The European climate and refrigeration association Eurovent has questioned the validity of a European Commission (EC) report on the uptake and adoption of hydrocarbon-based refrigerants.
The report, titled Evaluation and impact assessment for amending Regulation (EU) No 517/2014 on fluorinated greenhouse gases – which was published on 6 May 2021 – explores the data, issues and solutions relating to reducing the emissions and use of fluorinated gases (F-gases), which contribute significantly to global warming.
In the report, which was produced with assistance from independent German research institute Öko-Recherche, “maximum substitution” scenarios assume environmentally friendly hydrocarbon (HC) refrigerants being used in significant quantities.

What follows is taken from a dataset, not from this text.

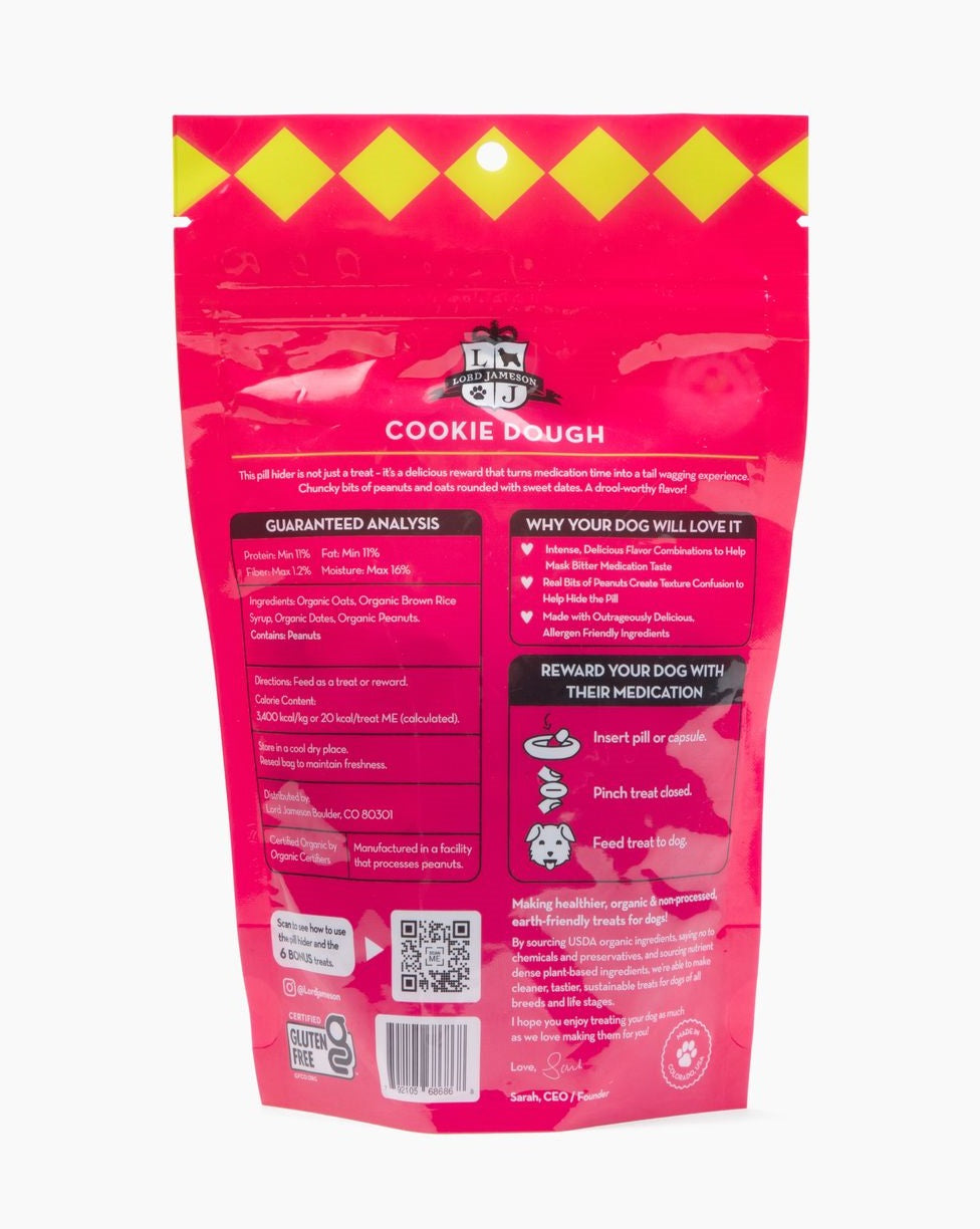 Our recipes are 100% preservative-free. We are plant-based meaning zero animal proteins. We never use allergy-triggering ingredients like corn, wheat, soy, or dairy. We only use real, whole organic ingredients -never anything artificial! Lord Jameson is using a texture confusion concept to help decrease the chance of your dog spitting out the pill. We leave real bits of ingredients such as peanuts in our dough to confuse the dog's palate leaving them unable to differentiate between pill or treat. A pill Hider Pouch contains a 30-day supply of treats. Advised by our team of vet consultants, we also include 6 BONUS treats designed to condition the dog to eat the treat without the pill before using for medication administration. The process of unloaded vs. loaded is designed to help decrease chance of dog spitting out pill. You can find out more by scanning the QR code on the back of the pouch.

In the small heat pump sector, for example, HCs are expected to account for 90 per cent of the market by 2025. In large split air conditioners and variable refrigerant flow (VRF) systems, HC-based solutions are expected to account for 100 per cent of the market by 2030.
These natural refrigerants have zero ozone-depletion potential (ODP) and a low global warming potential (GWP), which makes them appealing and greener replacements for many common and long-established refrigerants.
However, Eurovent – in a press release published on its website – has suggested that these substitution scenarios are unrealistic, in part because many barriers exist with regards to the use of highly flammable HC refrigerants in heating and air conditioning equipment.
Because the EC’s review study could be used to drive amendments to the F-gas regulations, unfeasible requirements could ultimately be enforced. Eurovent has subsequently contacted the EC and those involved, as well as other industry representatives, to flag the concerns and work towards a sensible, viable series of amended F-gas regulations.